The comment period on the draft EIS closes Monday.

FWP proposes to manage wolves similar to the way it manages mountain lions and black bears, including a limited hunt and killing animals that pose threats to livestock or game populations.

Marbut wants to see a new alternative that puts the concerns of big-game hunters “front and center.”

“They need to go back and rewrite the thing,” he said Friday.

The bills that could affect wolf management are:

€ HB 262, which requires FWP to manage large predators to maintain hunting opportunities, protect livestock and protect human safety.

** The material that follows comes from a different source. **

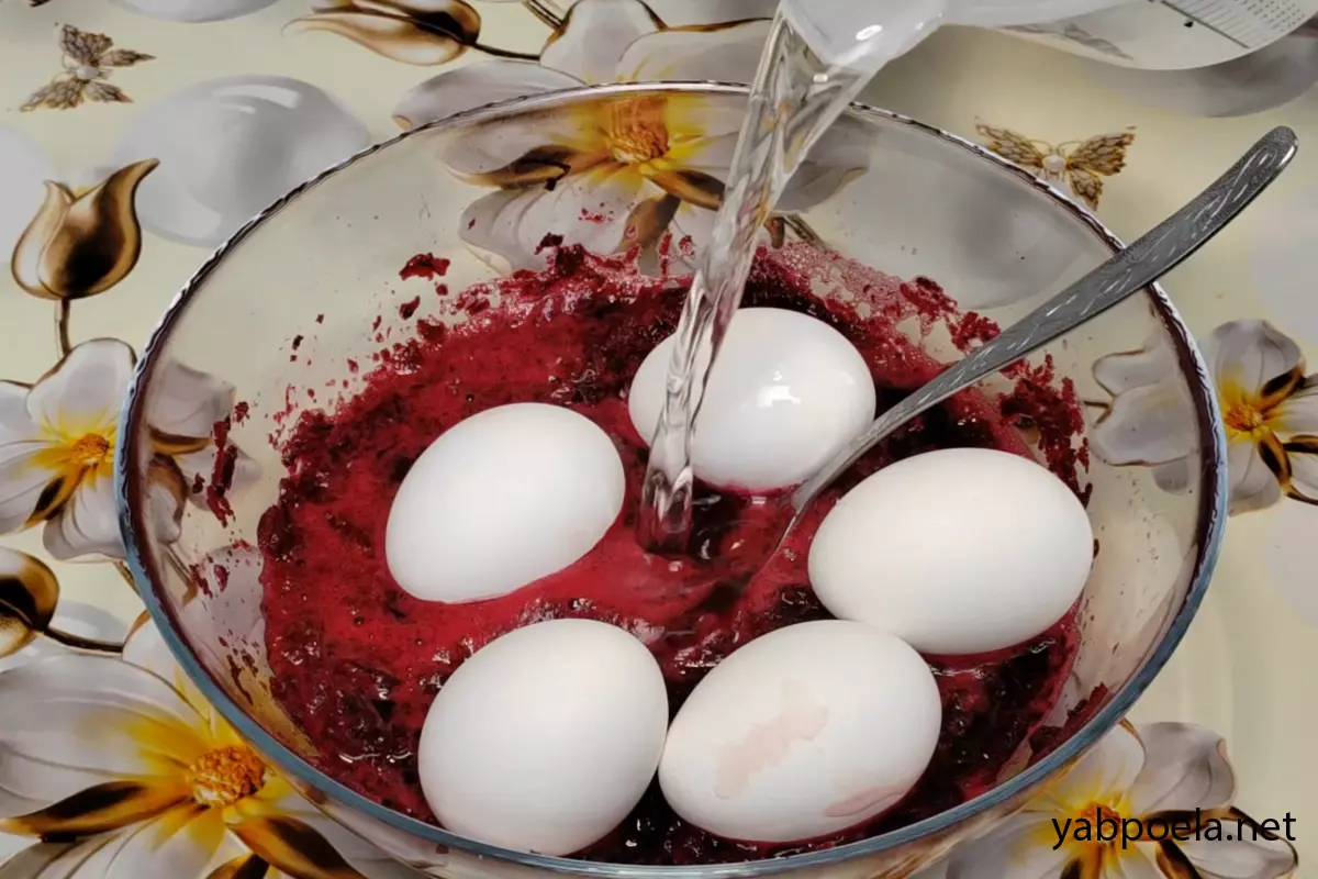 Снимите сварившиеся яйца с плиты. Сразу же, пока они горячие, переложите их в миску со свекольной массой. Слегка утопите их в кашице и долейте немного холодной воды, чтобы яйца были полностью покрыты жидкостью.

€ HB 306, which allows voters to decide whether hunting should be a constitutionally guaranteed right.

€ SB 209, which requires FWP to improve how it counts game animals and make reports on that progress to the Legislature.

Smith said FWP supported those bills in the Legislature.

Marbut also cited House Resolution 32, which does not have the force of law. It defines a wolf pack as two adults and pups less than 6 months old, a slight difference from the current definition.

Smith said once all the comments are read and analyzed, a final EIS probably will be written.

Delisting cannot occur unless Montana, Idaho and Wyoming all write management plans that will keep wolves in those states from facing extinction again, federal officials say.